- Urdu: آزاد
- Directed by: Rehan Sheikh
- Written by: Rehan Sheikh
- Screenplay by: Rehan Sheikh
- Produced by: Rehan Sheikh Hasan Naeem
- Starring: Sabreen Hisbani Imran Abbas Sanam Saeed Rehan Sheikh Nimra Bucha Angeline Malik Zahid Ahmed Salman Shahid
- Cinematography: Ilyas Kashmiri
- Edited by: Yasir Nawaz
- Music by: Abbas Ali Khan Taimoor Mirza
- Production companies: HBO Films Bling Studios Roomi Films
- Distributed by: HBO Hum Films
- Release dates: 15 December 2017 (South Asian International Film Festival); 9 February 2018 (Pakistan);
- Running time: 121 min
- Country: Pakistan
- Language: Urdu

= Azad (2017 film) =

Azad (lit.
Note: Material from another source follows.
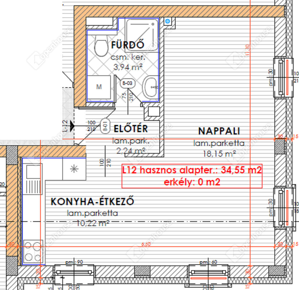 | Konyha | 10.22 m2 | Laminált padló |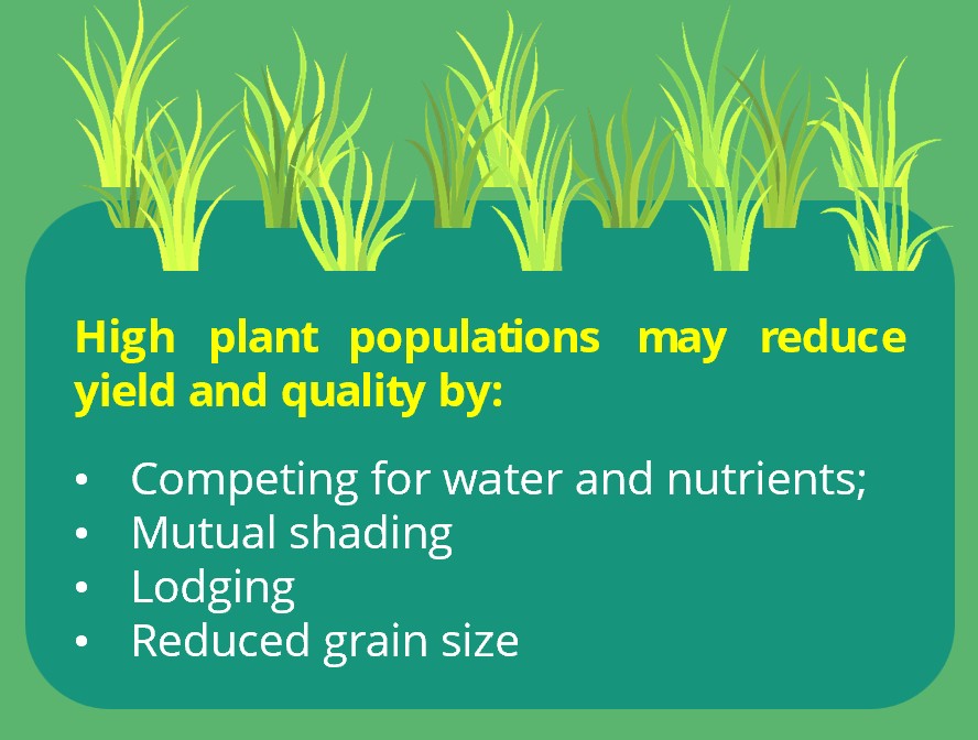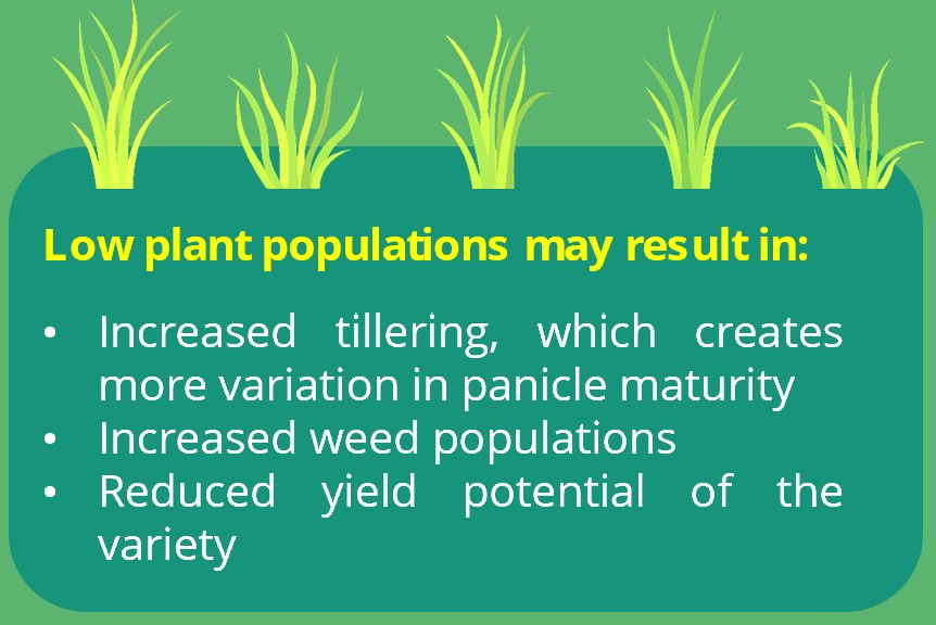 Establishing the correct number of plants is essential to maximize water and nutrient use. A target population that results in 400–500 panicles/m2 is desirable.

Independent) is a 2017 melodrama film directed and written by Rehan Sheikh, who co-produced with Hasan Naeem under the production banner of Bling Studios and Roomi Films. The film features Sabreen Hisbani, Sanam Saeed, Salman Shahid, Rehan Sheikh, Nimra Bucha and Zahid Ahmed, and Sajjad Kishwar. The cast also includes debutants Ajlal Shah and Jawad Rana. A special appearance is also made by Angeline Malik, Imran Abbas and Schumaila Hussain.

==Cast==
- Rehan Sheikh
- Salman Shahid
- Sanam Saeed
- Sabreen Hisbani
- Nimra Bucha
- Ajlal Shah
- Zahid Ahmed
- Jawad Rana
- Sajjad Kishwar
- Angeline Malik (special appearance)
- Imran Abbas as Faris (special appearance)
- Schumaila Hussain (special appearance)

==Production==

===Marketing===
The first teaser of the film was released in September 2015. The second teaser was released in December 2015 by Bling Studios on Vimeo. It had its world premiere on 15 December 2017, in HBO's South Asian International Film Festival.

==Soundtrack==
The music of the film is composed by Taimoor Mirza and the background score is given by Abbas Ali Khan.

==Release==
The film was released in cinemas across Pakistan on 9 February 2018. On 15 December 2017, the film along with 2017's Na Maloom Afraad 2 had its screened at the South Asian International Film Festival 2017.